14. Continuous monitoring of deployed AI systems is necessary primarily because:

A) AI systems require constant retraining to maintain their performance B) Regulatory requirements typically mandate real-time audit reporting C) AI systems can experience drift — degradation in performance or emerging fairness issues — as the world changes after deployment D) AI system vendors often modify systems after deployment without notifying deploying organizations

15. Canada's Directive on Automated Decision-Making is notable in AI auditing because it:

A) Was the first mandatory bias audit requirement for employment AI in the Americas B) Requires federal government departments to complete algorithmic impact assessments before deploying automated decision systems, scaled to the stakes of the decision C) Established the first AI audit credentialing program, analogous to the CPA designation D) Created the first international standards body for AI auditing

16. The "credentialing gap" in AI auditing refers to:

A) The difficulty of credentialing AI systems that operate across national borders B) The absence of a recognized professional credential for AI auditors, analogous to the CPA for financial auditors C) The gap between AI auditors' technical credentials and their domain expertise D) The failure of most universities to offer AI auditing programs

17. A key limitation of the ProPublica COMPAS investigation as a model for AI auditing is that it:

A) Was conducted by journalists rather than credentialed auditors, limiting its scientific validity B) Could identify that racial disparities existed in predictions but could not determine why they existed or what in the system caused them C) Used data from only one county in Florida, making it difficult to generalize to other jurisdictions D) Found results that were contradicted by all subsequent academic analyses of COMPAS

18. Algorithmic Impact Assessments (AIAs) are analogous to which of the following established practices?

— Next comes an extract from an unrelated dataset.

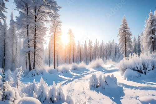 © Vani, Naklejka premium winter landscape with snow covered trees

A) Financial due diligence in mergers and acquisitions B) Consumer product safety testing required by the CPSC C) Environmental impact assessments required for major federal projects under NEPA D) Antitrust review of mergers by the DOJ and FTC

19. (Short Answer) Explain why the selection of a fairness metric for an AI bias audit is a normative judgment rather than a purely technical one. Use the COMPAS controversy as an example to illustrate your answer.

20. (Short Answer) What is the primary limitation of self-assessment (as allowed for most high-risk AI systems under the EU AI Act) relative to third-party assessment? What provisions of the EU AI Act might compensate for this limitation?

Answer Key: 1-B, 2-C, 3-C, 4-B, 5-B, 6-C, 7-B, 8-B, 9-B, 10-B, 11-C, 12-D, 13-B, 14-C, 15-B, 16-B, 17-B, 18-C. Questions 19–20 are short answer; see discussion guide for model responses.